• [RECORDS SUPPLIED]:
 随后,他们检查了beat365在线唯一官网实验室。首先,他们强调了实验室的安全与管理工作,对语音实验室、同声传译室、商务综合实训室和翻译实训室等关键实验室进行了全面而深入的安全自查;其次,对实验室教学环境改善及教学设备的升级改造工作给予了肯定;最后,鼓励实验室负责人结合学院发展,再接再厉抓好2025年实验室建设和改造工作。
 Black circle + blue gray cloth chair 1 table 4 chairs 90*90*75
--
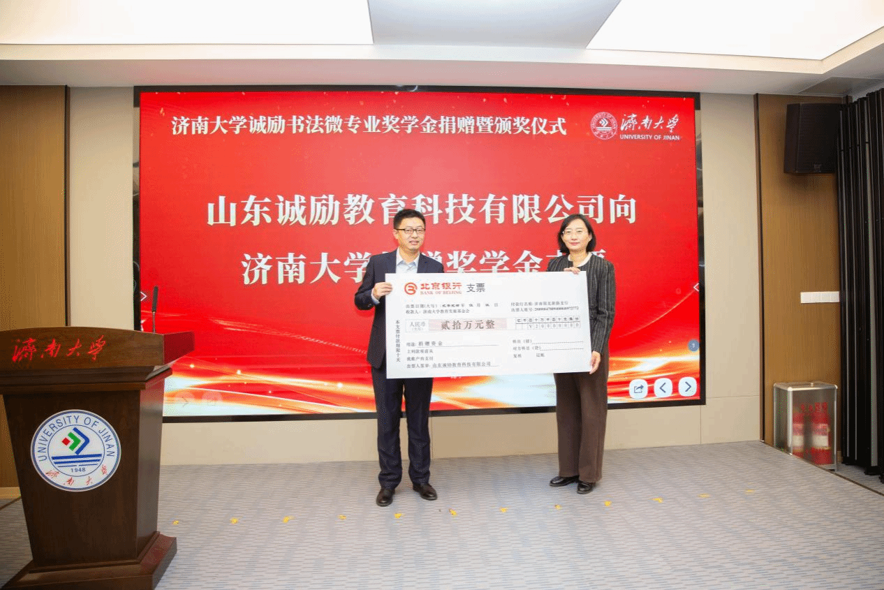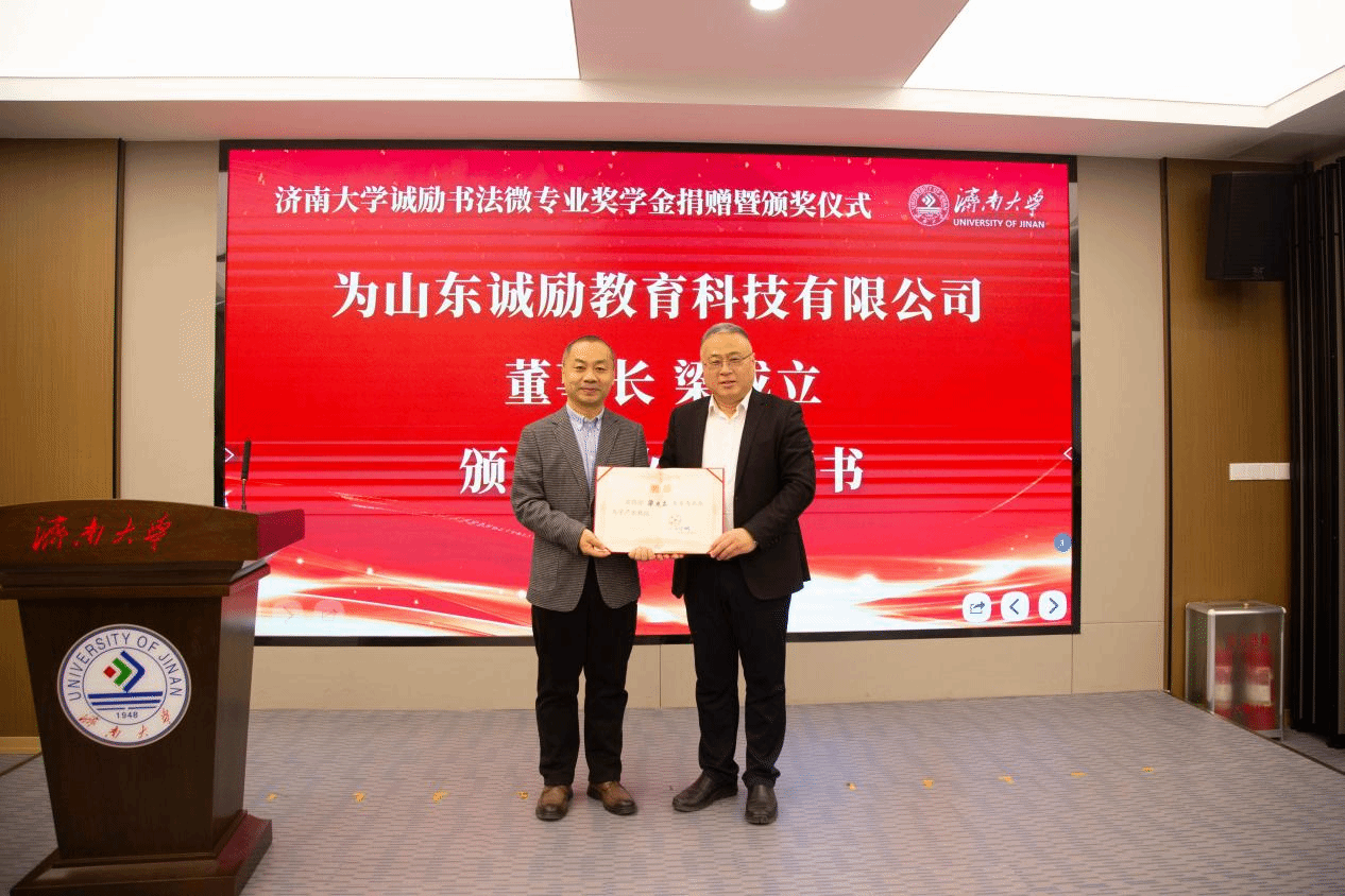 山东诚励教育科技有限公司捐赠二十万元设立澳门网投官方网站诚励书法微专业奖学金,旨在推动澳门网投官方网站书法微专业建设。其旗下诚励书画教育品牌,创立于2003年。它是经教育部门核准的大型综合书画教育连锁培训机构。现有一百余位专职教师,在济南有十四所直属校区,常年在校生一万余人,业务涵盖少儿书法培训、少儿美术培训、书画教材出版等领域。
==
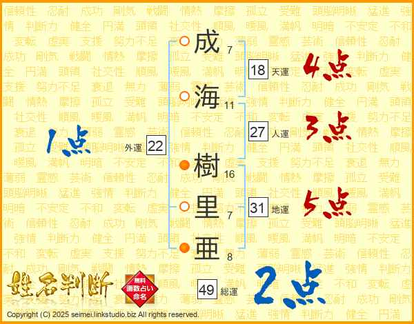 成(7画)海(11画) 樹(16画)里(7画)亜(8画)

• [TASK STATEMENT]:
Look above for the line with "随后,他们检查了beat36" and the line with "Black circle +". Write out those two lines and all the lines between them, exactly, and no others.

• [ANSWER TO THIS PROBLEM]:
 随后,他们检查了beat365在线唯一官网实验室。首先,他们强调了实验室的安全与管理工作,对语音实验室、同声传译室、商务综合实训室和翻译实训室等关键实验室进行了全面而深入的安全自查;其次,对实验室教学环境改善及教学设备的升级改造工作给予了肯定;最后,鼓励实验室负责人结合学院发展,再接再厉抓好2025年实验室建设和改造工作。
 Black circle + blue gray cloth chair 1 table 4 chairs 90*90*75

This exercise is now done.